━━━━━ Collected data ━━━━━

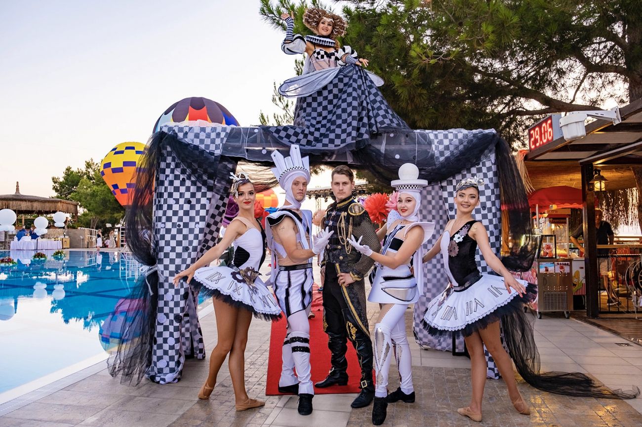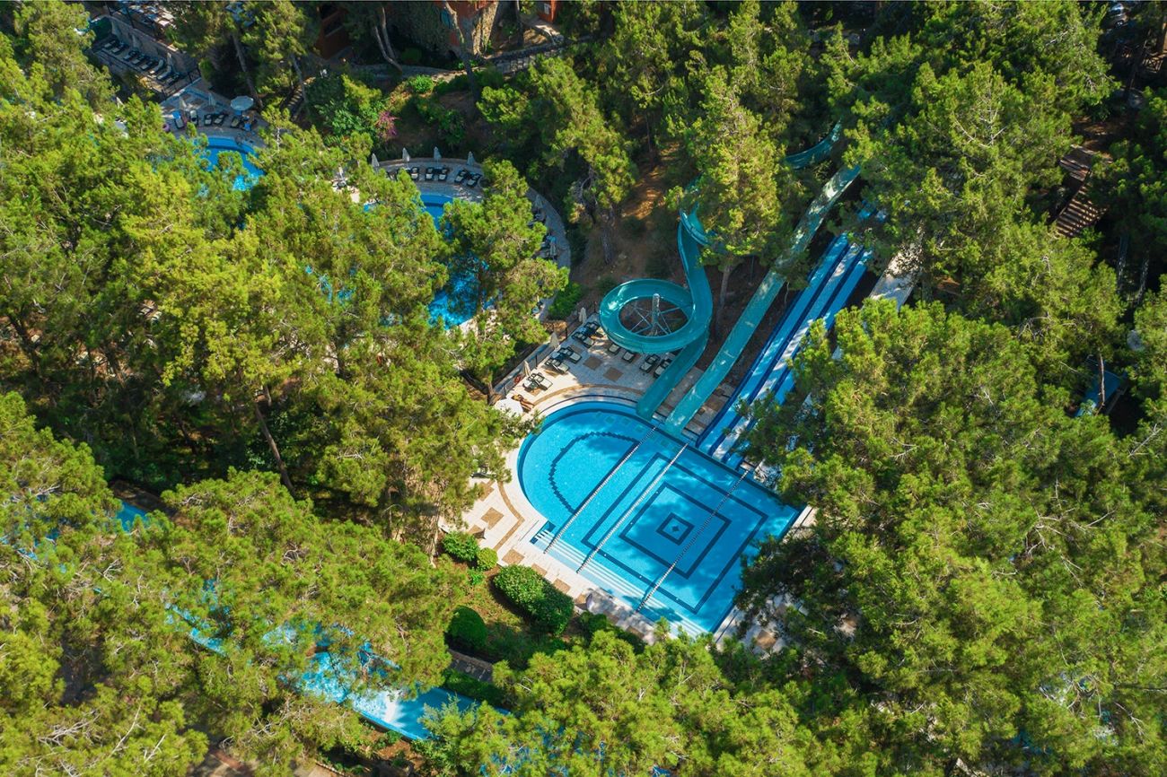 Основен ресторант, 3 а-ла-карт ресторанта (италиански, турски, рибен – срещу допълнително заплащане), 3 снек ресторанта - възможност за приготвяне на специални ястия за гости с алергии, 8 бара, сладкарница, 5 открити басейна, вътрешен отопляем басейн, аквапарк с 8 пързалки, фитнес, СПА център, магазини, 3 конферентни зали с оборудване, Wi-fi интернет – според концепцията на хотела.
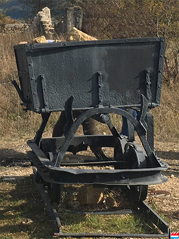 Kalleksuewen, um Lopert zu Ettelbréck. Do ass bis 1946 (?) Kallek gebrannt ginn. De Site ass amenagéiert an et ass och e Lorry mat engem Stéck Gleis opgestallt ginn. Op engem Informatiounspanneau steet och eng Zeitungsannonce vu 1946, wou dat ganzt verkaaft gouf, mat Gleisuschloss. (Photos: 16.10.2018 Nico Mercatoris)
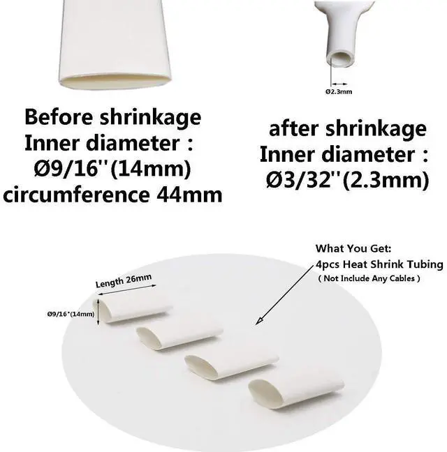 6:1 SHRINK RATIO- Super Heat Shrink Tubing12pcs, white.Length 26mm,Inner diameter: Ø9/16"(14mm), after shrinkage:Ø3/32"(2.3mm).makes a tight sealLow shrinkage temperature, shrinking in just a few secondstarting Shrinkage Temp: +70°CFull Shrinkage Temp: +105°CIf ordinary 2:1, 3:1 Heat Shrink Tubing can not be solved. Please choose this one

━━━━━

What is needed is an exact restatement of the lines from the line with "Kalleksuewen, um Lopert" through the final line of the data, pictures excluded.

◆ **Task response**
 Kalleksuewen, um Lopert zu Ettelbréck. Do ass bis 1946 (?) Kallek gebrannt ginn. De Site ass amenagéiert an et ass och e Lorry mat engem Stéck Gleis opgestallt ginn. Op engem Informatiounspanneau steet och eng Zeitungsannonce vu 1946, wou dat ganzt verkaaft gouf, mat Gleisuschloss. (Photos: 16.10.2018 Nico Mercatoris)
 6:1 SHRINK RATIO- Super Heat Shrink Tubing12pcs, white.Length 26mm,Inner diameter: Ø9/16"(14mm), after shrinkage:Ø3/32"(2.3mm).makes a tight sealLow shrinkage temperature, shrinking in just a few secondstarting Shrinkage Temp: +70°CFull Shrinkage Temp: +105°CIf ordinary 2:1, 3:1 Heat Shrink Tubing can not be solved. Please choose this one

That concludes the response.